4. Address internal rotations of the knee and hips

Some people also experience rotations of their hips or directly at their knees. These rotations can also affect the knee in various ways and place the tension of weight in unwanted areas. If your knees and hips are rotated inwards you will not be able to hinge effectively during various leg movements. This internal rotation can be seen during some people's squats, where their knees come together during each repetition. As center gravity increases they are not able to distribute that weight effectively. As the body’s way to prevent instability, your hip adductors will become overactive and change the mechanics of your movement.

5. Heel elevation

Overpronation of the foot can also be one of the causes of knee pain. Having elevated heels during squats aids you if you struggle with hip and ankle mobility. Having low mobility in these joints puts extra pressure on the knees. Yet, overpronation happens when the foot collapses excessively inward or outward; this is commonly known as flat feet. Flat feet can affect how you are distributing weight and affect all the joints of the foot, leg, and hip. Not only, does elevating your heels help you squat deeper by mitigating the hip and foot flexibility issues (something that should be addressed separately), but it creates a false arch to take even more pressure off the knee.

6. Strengthen weak muscles

When the distribution of weight is wrong due to bad posture or bad mechanics, the body creates muscular imbalances. The muscles surrounding the knee serve the sole purpose of stabilizing the knee during movement. The main muscle groups are the Quadriceps and Hamstrings.
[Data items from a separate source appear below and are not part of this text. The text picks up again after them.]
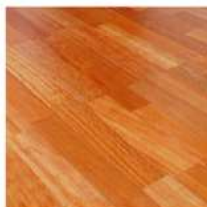
無垢フローリング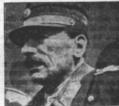
Grški vojni minister Kondilis, ki je sestavil novo monarhistično vlado v Grčiji in ki nadomestuje v državi do povratka grškega kralja Jurija

Ta se namreč sestane 20. t. m. Za zdaj so vse domneve pač res le ugibanje, ker je težko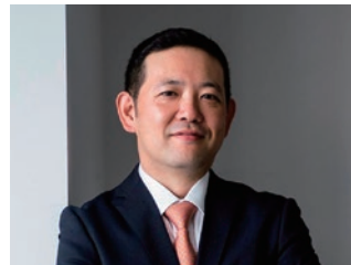
株式会社カカコム 代表取締役社長

技術進化がますます著しくなる今後は、研究開発の方針を素早く決める必要性が高まります。DGのようなサイズの会社がオープンプラットフォーム型の研究開発組織を運営しながらイノベーションを起こすことが必要になります。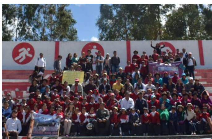
Presentación de los niños en el Colegio P. Vicente Maldonado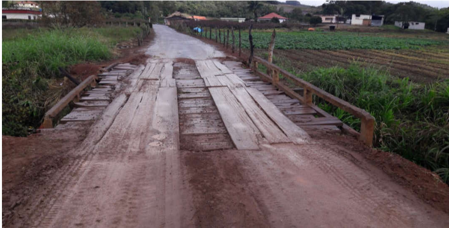
FOTO 01 Ponte danificada que existia no local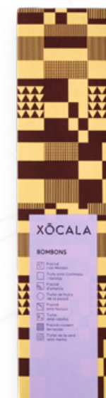
Caixa de bombons (6 unitats) Xócola Hi som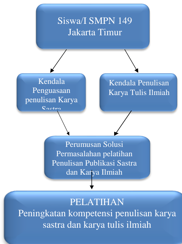
Gambar 1. Kerangka Solusi Penyelesaian Permasalahan

Metode pelaksanaan dalam penyelesaian masalah pada pelatihan peningkatan keterampilan penulisan karya tulis ilmiah dan karya sastra yaitu melalui penyuluhan dan praktek serta pendampingan langsung. Pelaksanaan pelatihan dilakukan dengan secara tatap muka di ruang aula dengan materi penulisan karya sastra dan karya tulis ilmiah. Untuk menyelesaikan permasalahan yang dihadapi mitra, solusi yang ditawarkan oleh tim abdimas adalah sebagai berikut :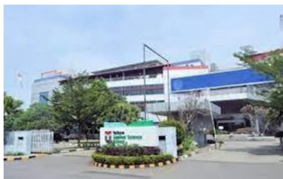
GAMBAR 1.2 Fakultas Ilmu Terapan

Adapun profil dari Fakultas Ilmu Terapan adalah sebagai berikut: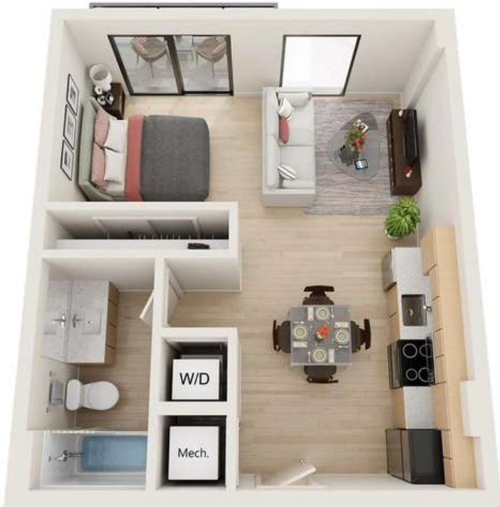
Renderings are an artist's conception and are intended only as a general reference. Features, materials, finishes and layout of subject unit may be different than shown.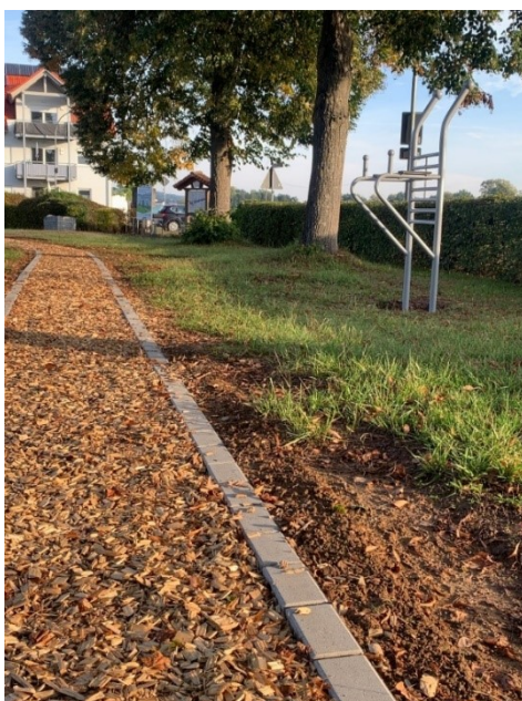
Abb. 7: Fitnessparcours mit Finnenweg am Spielplatz Burglauer; Foto: Marco Heinickel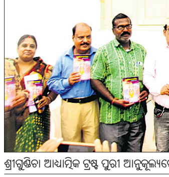
ଶ୍ରୀଗୁଣ୍ଡିଚା ଆଧ୍ୟାତ୍ମିକ ଟ୍ରଷ୍ଟ ପୁରୀ ଆନୁଷ୍ଠାନରେ ଅନୁଷ୍ଠିତ ଆଲୋଚନାଚକ୍ରରେ ଅତିଥିମାନେ ବିଶେଷାକ ଭଣ୍ଡୋତନ କରୁଛନ୍ତି ।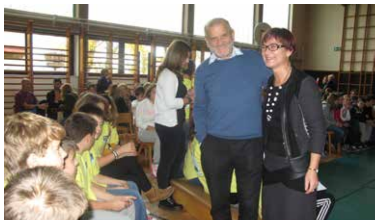
Tudi ravnateljica je spodbujala svoje učence, foto arhiv PD

Ekipe OŠ Cerklje ob Krki z mentorico in predsednikom PD, foto arhiv PD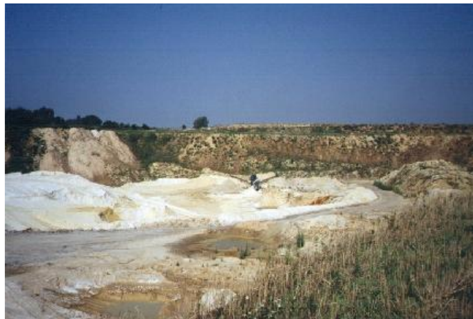
Put III Rossart (ook wel Locray 2) (grootte 17.24.07)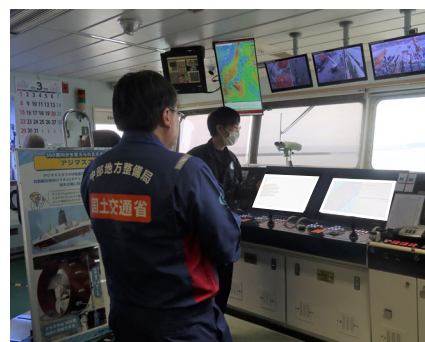
船内での見学の様子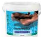
ALGICIDAS E INVERNADORES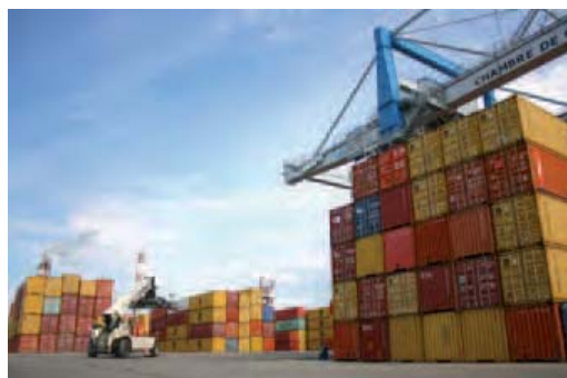
Le terminal «Conteneurs» d'Ottmarsheim est le seul site dédié à cette activité

Les Ports de Mulhouse-Rhin gèrent 110 hectares de terrain qu'ils mettent à disposition des entreprises souhaitant s'implanter à proximité de la voie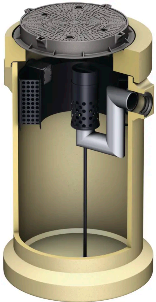
Mit filterloser Koaleszenzeinheit (Polymerbeton) Oleosmart Pro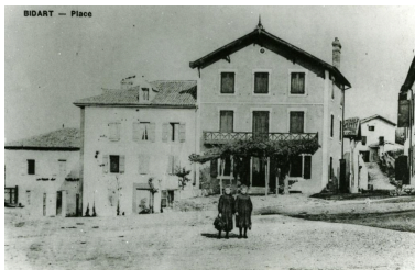
Vue d'ensemble depuis la place, carte postale, 1er quart du 20e siècle. IVR72_20196403070NUC1A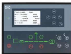
DEIF AGC 150

DEIF AGC 150 Альтернативний варіант контролера AMF, зазвичай обирається, коли для проекту віддається перевага платформі управління на основі DEIF.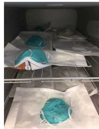
図 2：ロード用の N95 マスクの包装と棚への積載例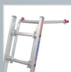
Wandabstandshalter für Sprossenleitern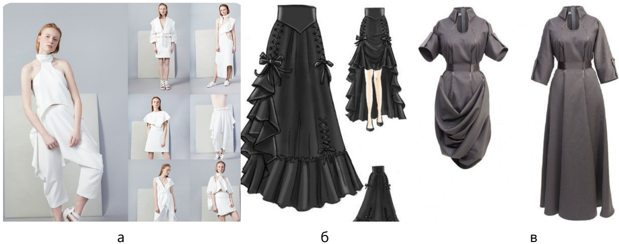
Рис. 9. Використання прийому: а - перестановки; б - зникнення-поява; в - суміщення-складання

кільком рухам. Методи комбінаторики та трансформації мають свої прийоми, які дозволяють досягти швидкої зміни зовнішнього вигляду завдяки використанню нових елементів. Класифікації прийомів вказаних методів, що можуть бути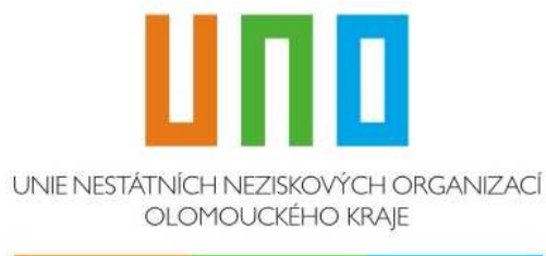
Unie nestátních neziskových organizací Olomouckého kraje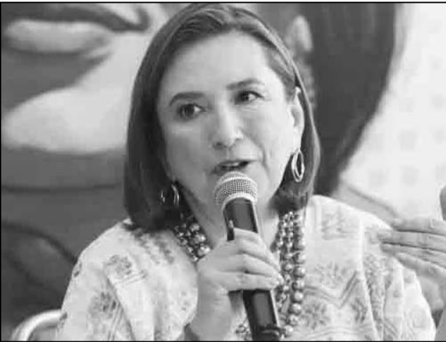
La ex candidata advirtió que México no puede ser víctima cada mes de un acto de extorsión con la aplicación de nuevos aranceles.

Comentó que es una buena noticia que tanto la Secretaría de Gobernación como el Senado de la República recibieran a los colectivos de madres buscadoras, e hizo voto porque la presidenta lo reciba pronto en Palacio Nacional.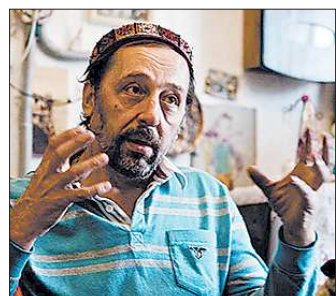
Николай Коляда: «Я пришёл с миром»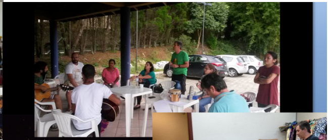
Grupo Cultural Boi de Mamão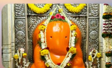
องค์อัยภูวินายัก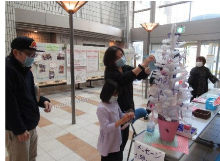
▲メッセージをツリーに飾る来場者ら

さらに、ポリ袋で簡単に作れる防災食の見本を行程ごとに展示し、災害時だけでなく普段から家庭で活用してもらえようレシピを紹介しました。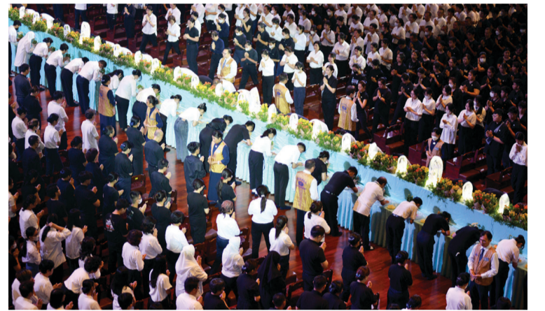
四十七位佛教諸山長老與法師帶領大眾浴佛。

2024年5月12日，慈濟印尼分會于靜思堂举办浴佛典禮，共有两千八百八十六人共同参与，人人虔诚一念心共沐佛恩、同沾法喜。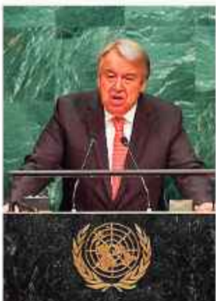
DIPLOMÁTICO. António Guterres, de la ONU.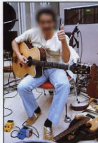
★JOHN TROPEA/U. S. A.

★トップ=シカモア ★サイド&バック=シカモア ★フィンガーボード=ローズウッド ★ブリッジ=ローズウッド ★ネック=マホガニー ★マシヘッド=タカミネオリジナル ★ピックアップ=PALATHETIC® ★コントロール=ゲインX1 トレブルX1 ベースX1 ★カラー=ナチュラル(N)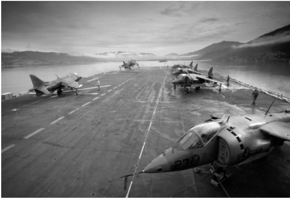
Starten af 1980'erne bød på forøgede øvelsesaktiviteter, bl.a. i Nordatlanten. Her er det NATO-øvelsen Teamwork Exercise , afholdt i Norge den 1. september 1980.

Planen for psykologisk krigsførelse indebar tydeligt nok flådeøvelser af større omfang end tidligere og i farvande tættere på Sovjetunionen (i Norskehavet, Østersøen, Sortehavet og i Stillehavet ud for Sibirien). Ifølge Nigel West er der ingen tvivl om, at NATO og den amerikanske flåde blev opfordret til at antage „en dramatisk mere aggressiv holdning“ under øvelserne. Samtidig blev en ny og offensiv „fremskudt sømilitær strategi“ foreslået (vedtaget i 1984 som „The Maritime Strategy“), der sigtede mod at rette afgørende stød i en tidlig fase af en konflikt mod strategisk vigtige positioner i Sovjetunionen, heriblandt de vigtigste flådebaser og kommandoposter. Det indebar hurtige fremstød mod Kola-halvøen, de sovjetiske „bastioner“ for strategiske ubåde i Det Nordlige Ishav og formentlig også mod mål i Østersøen og forudså en betydelig udvidelse af flåden („600 ships navy“). Den nye strategi blev afprøvet allerede i august-september 1981 gennem øvelsen „Ocean Venture 81“, hvor amerikanske hangarskibsgrupper blev bragt ind i Norskehavet. I en fase af øvelsen skulle en krydser og tre andre skibe være sejlet til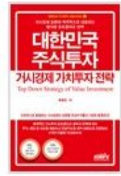
대한민국 주식투자 거시경제 가치투자 전략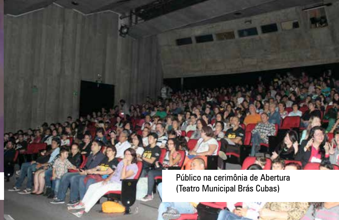
Público na cerimônia de Abertura (Teatro Municipal Brás Cubas)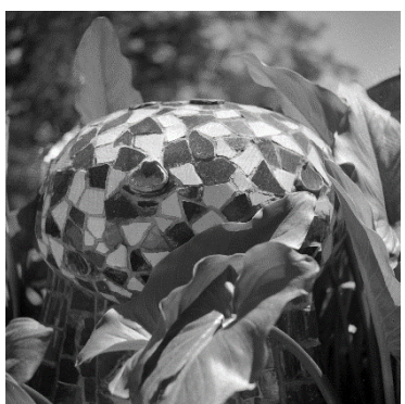
Joaquim Gomis. Detall dels ornaments ceràmics amb trencadís del Park Güell. Fons Gomis, dipositat a l'Arxiu Nacional de Catalunya. © Hereus de Joaquim Gomis. Fundació Joan Miró, Barcelona.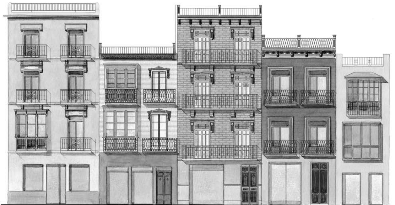
Figura 10. Propuesta cromática para la Plaza de San Francisco

In worst-case scenarios, visiting a therapist may be the only solution. Making sure you’re not masking the injury and talking to a physician when there is no progress are two important reminders. The best way to work with injuries is to make an attempt at avoiding them altogether; good body mechanics, form, and not ego lifting are a good focus.

Before starting any fitness program or dietary changes, including supplementation, please consult your physician for a thorough examination.